# RECORDS SHOWN
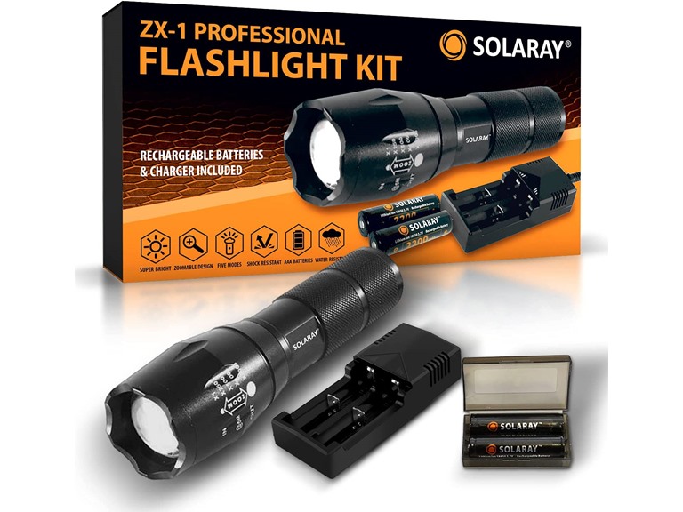 So, I'm kind of a flashlight geek. Maybe not geek, I don't obsessive over figures, but really care about quality and reliability. My primary brands are Surefire and Streamlight. Both have what they call 'dual-fuel' flashlights, capable of running on replaceable batteries or a rechargeable battery. My Surefires and Streamlights do not have this feature, and the Salary ZX-1 Tactical Flashlight looked a comparable product. Let's get this out of the way, this flashlight is not in the same category as Surefire or Streamlight, they're just not. They are also not priced the same. Those other flashlights command a premium. Initial impressions were very good. The packaging was nicely done. I'm not an unboxing-type person, but when care is put into packaging, care is often put into what's inside the packaging. The box the flashlight and supporting parts was in was nicely made and held closed with magnets. The package includes the flashlight and several accessories. Besides the flashlight it has two rechargeable batteries, a plug-in charger than can charge one or two at a time, two extra cap gaskets, a battery proxy that accepts three AAA batteries in lieu of a rechargeable battery, a sleeve for the battery inside the flashlight, and a plastic container to hold the batteries. It's honestly a lot. I'd have preferred the battery charging be done via USB-C connection to the flashlight itself. It is good to have two batteries, but requires more equipment than should be necessary for a flashlight. Performance, the flashlight has a bright, dim, strobe, and emergency flashing mode. In the frequently used bright and dim the performance is good. Not exceptional, but good. A feature I do like the ability to tighten or widen the beam with a sliding mechanism. The battery life seems pretty good. After charging I used for 30-minutes continuous on bright setting and it didn't visibly diminish in output. The head of the flashlight is cut to provide defense if needed as a weapon. It's a bit larger and heavier than my other flashlights, but otherwise is nicely shaped and weighted. It will be interesting to see how durable it proves itself over time. I've bought some budget flashlights on Amazon over the years, and out of the box they worked well. However, over time, they all failed. I value consistent and enduring performance. With Surefire and Streamlight I know I've got to-hell-and-back reliability. I did once have a Surefire have a failure in the cap and they serviced it and returned for free as part of their lifetime commitment. So, this is not to same standard as those other names. However, it also costs less. The thing is, it's not that much less. At its current price of $50 you've got the Streamlight 88061 ProTac 1L-1AA 350-Lumen Dual Fuel Professional Tactical Light for less, and arguably a more established reputation. Perhaps Solaray will eventually stand next to Surefire and Steamlight, but if it were my money, I'd choose the Streamlight 88061 and spend the small saving on some spare CR123A batteries.
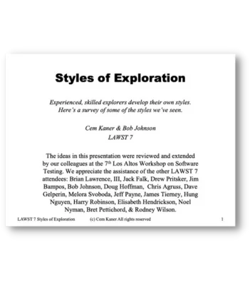 Styles of Exploration, by Cem Kaner and Bob Johnson, is a recommended reading from the BBST® Test Design course.
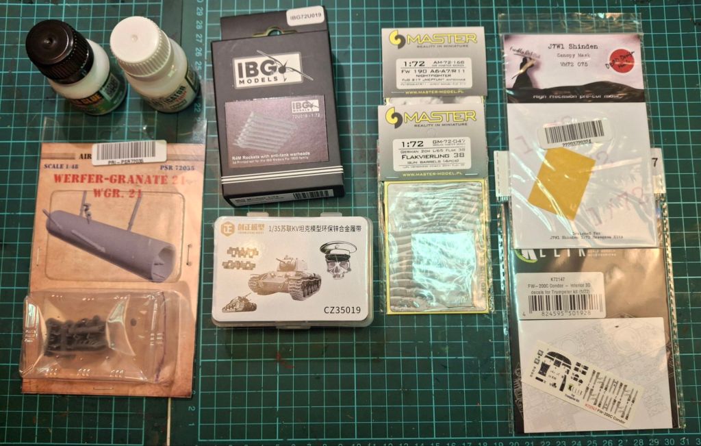The last two weeks involved going on holidays and visiting two model shops with no purchases. On the other hand many recent purchases via the web came home to roost as shown below.
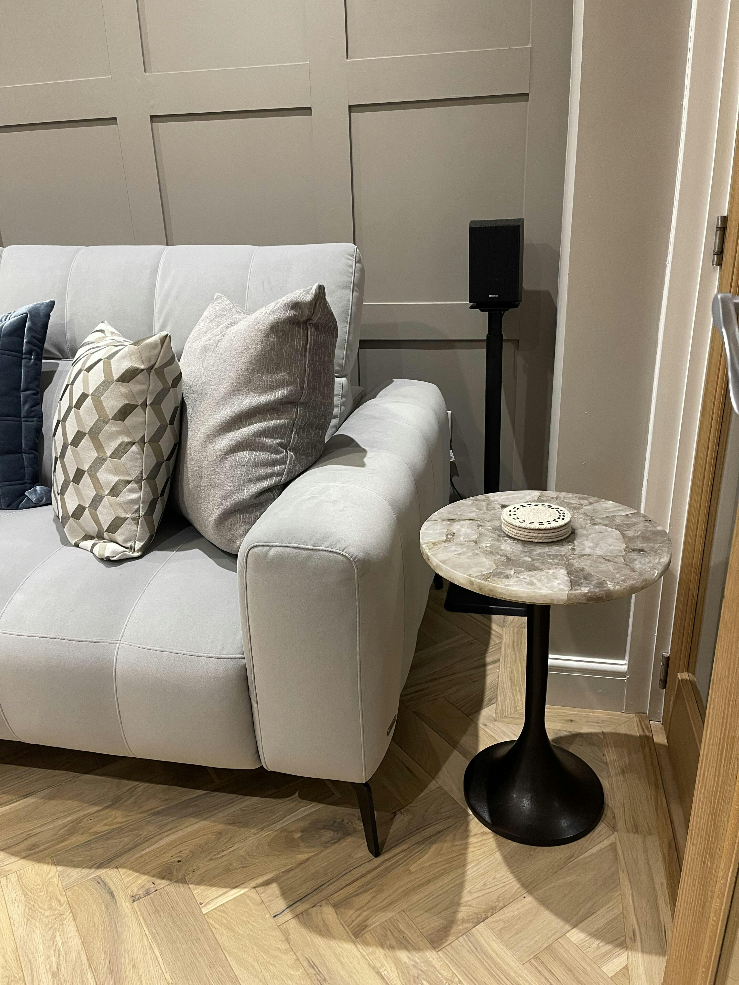 The Bosworth Smokey Quartz Round Side Table showcases a stunning fusion of Smokey grey quartz, creating a unique and sophisticated finish. The quartz rests on a round aluminium base finished in antique brass. Although the proportions are small, the effect is stunning. This elegant piece effortlessly blends luxury and modernity, making it a perfectly versatile addition to any space. The Bosworth collection is available in side tables in 42 cm and 60 cm sizes, as well as an 80cm coffee table.
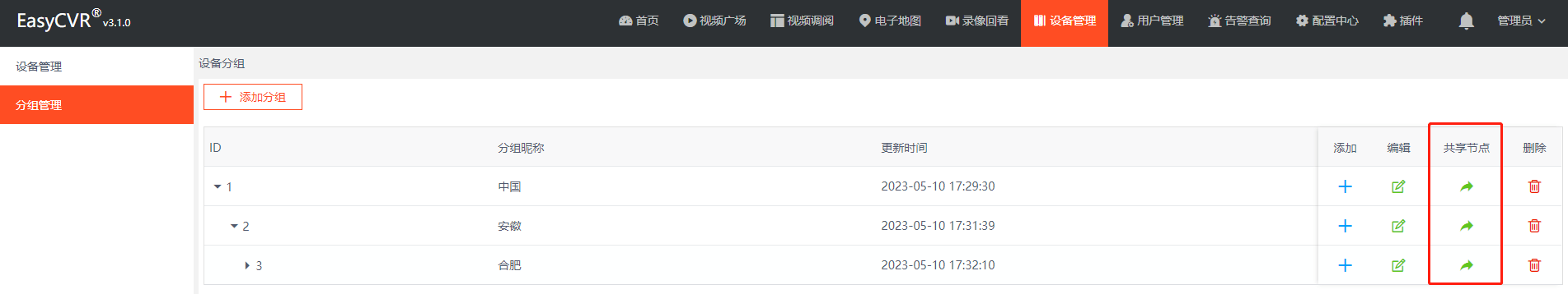 配置完成后,点击“共享节点”按钮进行推送。“共享节点”页面,在“级联编码”中选择要推送的上级平台名称:
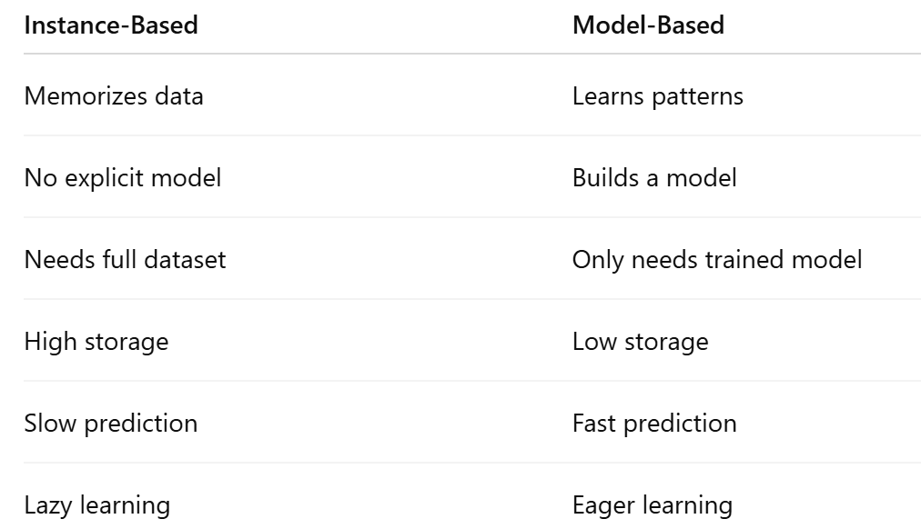 👉 Instance-based is often called Lazy Learning.
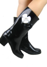 A variety of decorative elements will also allow you to choose an original pair of rubber shoes. Rubber boots with buckles look quite interesting and stylish. Feminine and elegant boots with satin ribbon lacing will be an excellent complement to a romantic look.

# TASK
Working from the entries above, reproduce exactly and only the lines beginning with the line that has "The Bosworth Smokey" and ending with the line that has "called Lazy Learning."; omit all pictures.

# EXERCISE RESULT
 The Bosworth Smokey Quartz Round Side Table showcases a stunning fusion of Smokey grey quartz, creating a unique and sophisticated finish. The quartz rests on a round aluminium base finished in antique brass. Although the proportions are small, the effect is stunning. This elegant piece effortlessly blends luxury and modernity, making it a perfectly versatile addition to any space. The Bosworth collection is available in side tables in 42 cm and 60 cm sizes, as well as an 80cm coffee table.
 配置完成后,点击“共享节点”按钮进行推送。“共享节点”页面,在“级联编码”中选择要推送的上级平台名称:
 👉 Instance-based is often called Lazy Learning.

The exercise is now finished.